Lownote, you asked," I'd like to know how to make the "sleeve" that fits around the base of the domes. It'd look a lot better with that detail." 
Look at the cap of the large yellow Bayer Aspirin Bottle (plastic) Curvature might be quite close to your mogul. 
Ted "Zippo 6"


----------



## Ray Dunakin (Jan 6, 2008)

Interesting project, and it looks good so far.


----------



## wigginsn (Jan 9, 2008)

Yes, I'm watching too.. 

Nice work, can't wait to see it finished. 

Cheers 
Neil


----------



## lownote (Jan 3, 2008)

Yikes! People are actually watching. Considering I have zero idea what I'm doing, that's alarming.

I sat in the duck blind yesterday and thought about it. Our layout is in a pretty public place and gets a lot of kid traffic. The locos are stored in an outdoor shed which sometimes gets critters in it. So it has to be a pretty robust model. No delicate parts you can't touch.

I decided to glue styrene scrap to the sides of the boiler/boiler extensions, using DevCon plastic welder, which is in my experience really really tough. It looks awful:











The other side looks just as bad. But it gives me a rough guide to the curve of the firebox. The next step is to slather the sides in automotive Bondo, to fill the gaps between the styrene pieces and make a smooth transition to the top of the boiler. I plan to shape the Bondo once it dries, then skin it with styrene. I've used bondo on some other projects--it's tough, it's easy to sand, and can be carved and shaped, and it's cheap and readily available. 

But man, it looks awful, doesn't it? It could end up a complete disaster. Also I'm right at the point where it probably would have been easier to just scratch build a new boiler.


----------



## DKRickman (Mar 25, 2008)

Also I'm right at the point where it probably would have been easier to just scratch build a new boiler. I was thinking that myself, back when you first proposed the model. Given how easy it is to make a boiler, and how difficult it is to un-make all the parts that you don't want on an existing boiler, I've about reached the point that I'll make my own rather than bashing one unless it's really darn close. 
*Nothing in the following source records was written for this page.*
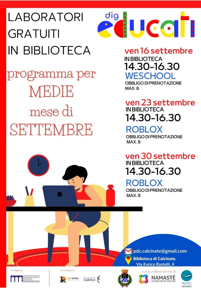 Laboratori digitali, ricerche web, grafica, aiuto per i compiti digitali e tanto altro per bambini e ragazzi dai 6 ai 13 anni Riparte dal mese di settembre
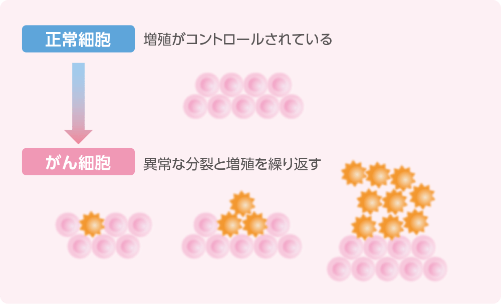 正常な細胞は、際限なく増殖することがないようにコントロールされていますが、なんらかの原因によりその遺伝子に変化(遺伝子変異)が起こると、細胞は異常な分裂と増殖を繰り返すようになります。
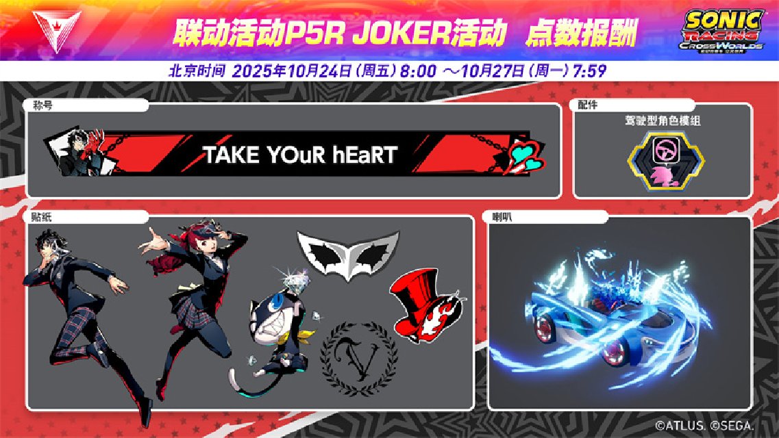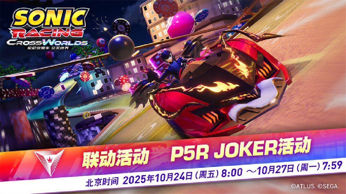 世嘉全新赛车游戏《索尼克赛车 交叉世界》宣布全球累计销量※已超过100万套,受到了广大玩家的喜爱。本作将于10月23日上线免费更新“JOKER(《女神异闻录5 皇家版》)”。10月24日起,游戏内还将举办限时联动活动——“P5R JOKER活动”。活动期间收集活动点数,可获得联动活动限定的游戏内道具。
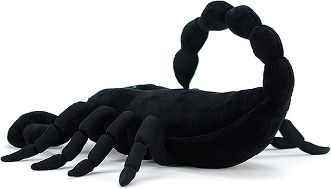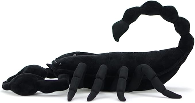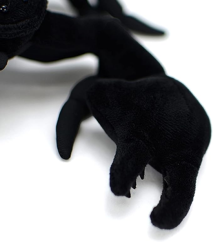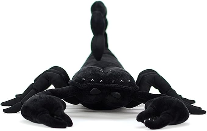- REALISTIC PLUSH TOY: This is a lifelike emperor scorpion model toy, the details are realistic. The adorable face and squeezable body of our scorpion plush are made from premium cloth and filler. its black fur is smooth and soft, black color eyes and realistic mouth design, thick shell and claws, the overall shape design is realistic, and the face design is unique, very realistic.
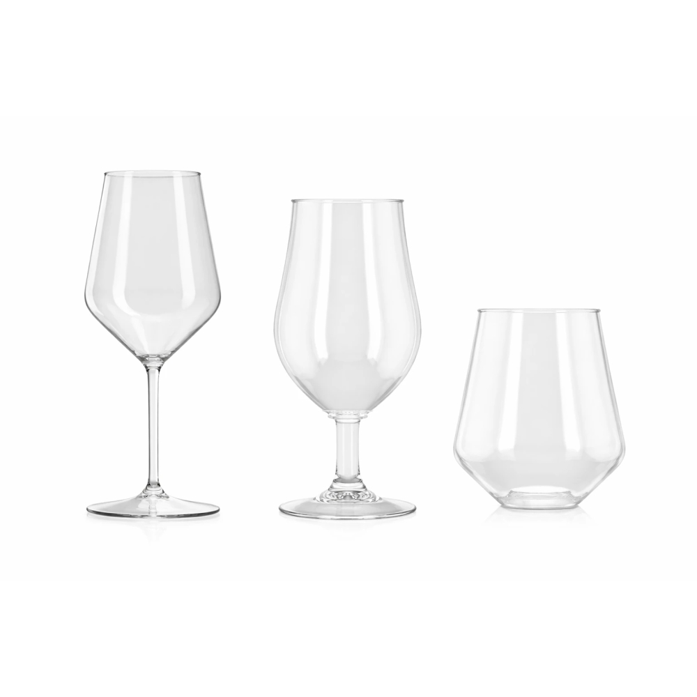 W porównaniu do zwykłych kubków plastikowych, tu zyskujesz formę i wygodę serwowania: osobny pokal do piwa, kieliszek do wina i szklanki do lemoniady czy drinków. Z kolei względem szkła - dostajesz podobny efekt wizualny (transparentne, eleganckie kształty), ale bez kluczowej wady, czyli możliwości stłuczenia.
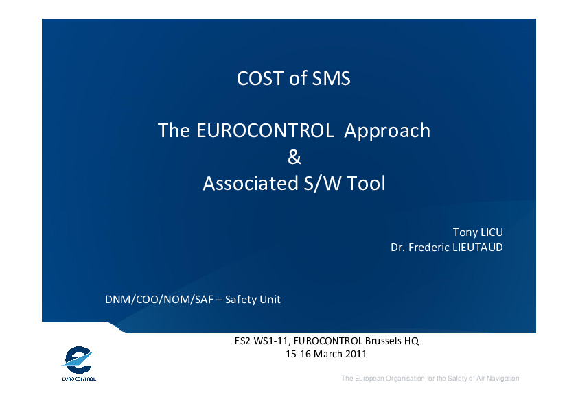 Cost of SMS: EUROCONTROL Approach & Associated S/W Tool

Oh yeah, and I'm watching with interest as well!


----------



## lownote (Jan 3, 2008)

The hard part for me would be making a good attachment system for the new boiler . I wanted to keep the simple and solid design of the original loco


----------



## lownote (Jan 3, 2008)

Well I've roughed out the underlying shape for the Wootten firebox. I slathered the boiler with bondo, let it dry, sanded it down with an oscillating tool, glazed it with bondo glazing putty, and sanded it a little more




















It came out about as well as I'd hoped it would. I'll finish it a bit more, add the ashpans, shape the slope when I start to get the cab together, then skin it with two or maybe three plies of .10 styrene for the top/sides, and something heavier for the front of the firebox, so I can shape a curve into it. 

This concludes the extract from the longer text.